Data below:
*-*-*

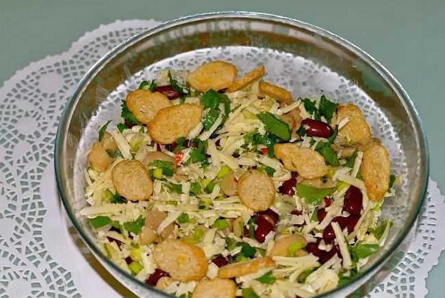- Очень важно всыпать сухарики непосредственно перед подачей блюда, чтобы они не успели размокнуть и остались хрустящими. Разложить салат по порциям и присыпать рубленой зеленью.
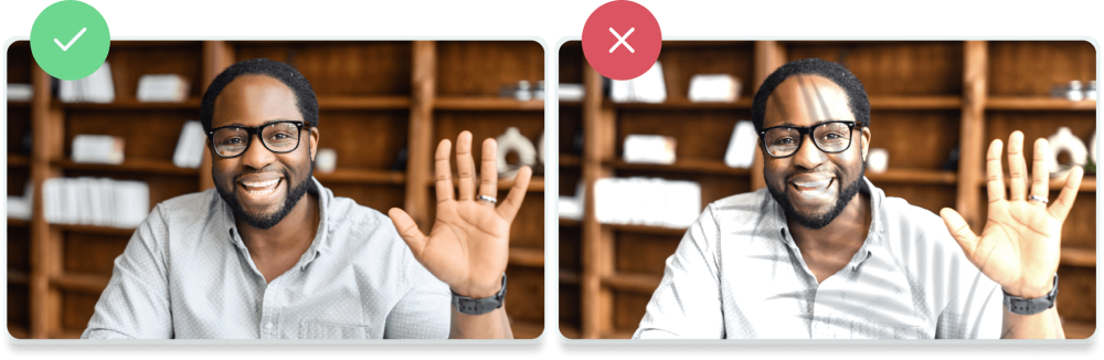 To be properly framed, position yourself in the center of your screen. Don't just be a floating head — make sure to include the top half of your chest in the frame like the example below.
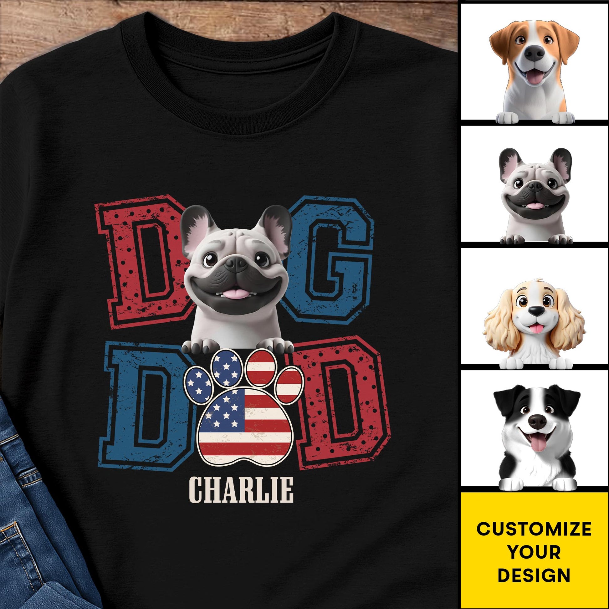 Dog Dad With American Flag Colors And Cute Dog, Personalized Custom Unisex T-shirt, Gift For Pet Lovers
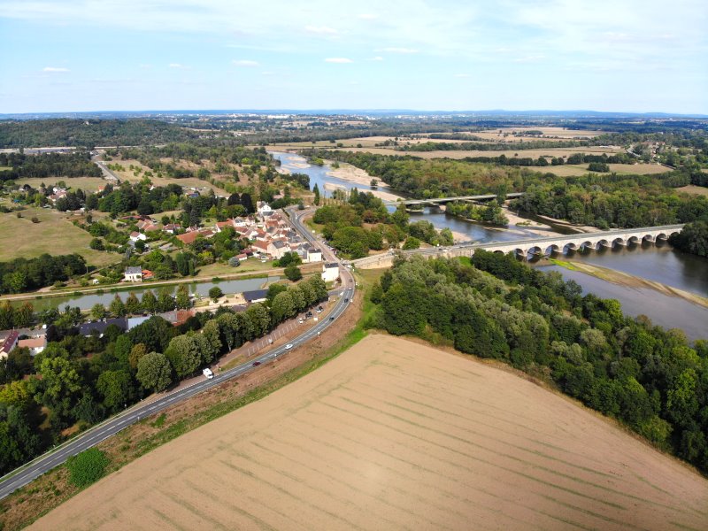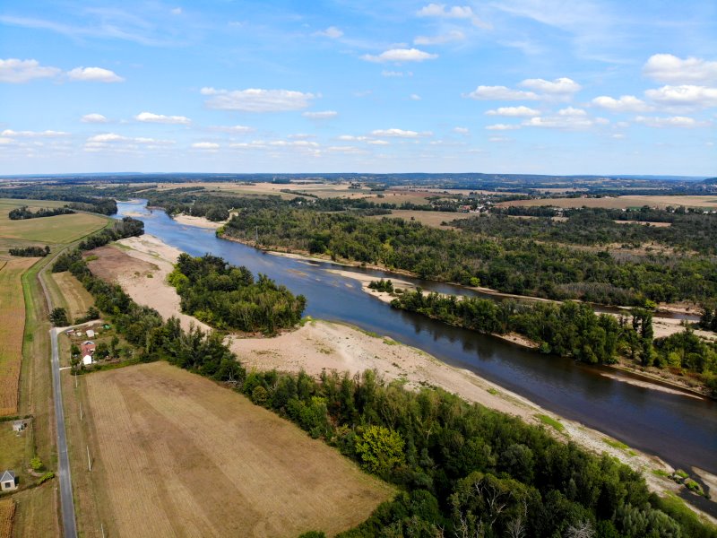 | Die Loire bei Marseilles-lès-Aubigny. Frankreich, Département Cher 27.08.2022; Flug Nr. 785 |

*-*-*

Work instructions:
Restate every line above exactly, omitting images.

Problem solution:
- Очень важно всыпать сухарики непосредственно перед подачей блюда, чтобы они не успели размокнуть и остались хрустящими. Разложить салат по порциям и присыпать рубленой зеленью.
 To be properly framed, position yourself in the center of your screen. Don't just be a floating head — make sure to include the top half of your chest in the frame like the example below.
 Dog Dad With American Flag Colors And Cute Dog, Personalized Custom Unisex T-shirt, Gift For Pet Lovers
 | Die Loire bei Marseilles-lès-Aubigny. Frankreich, Département Cher 27.08.2022; Flug Nr. 785 |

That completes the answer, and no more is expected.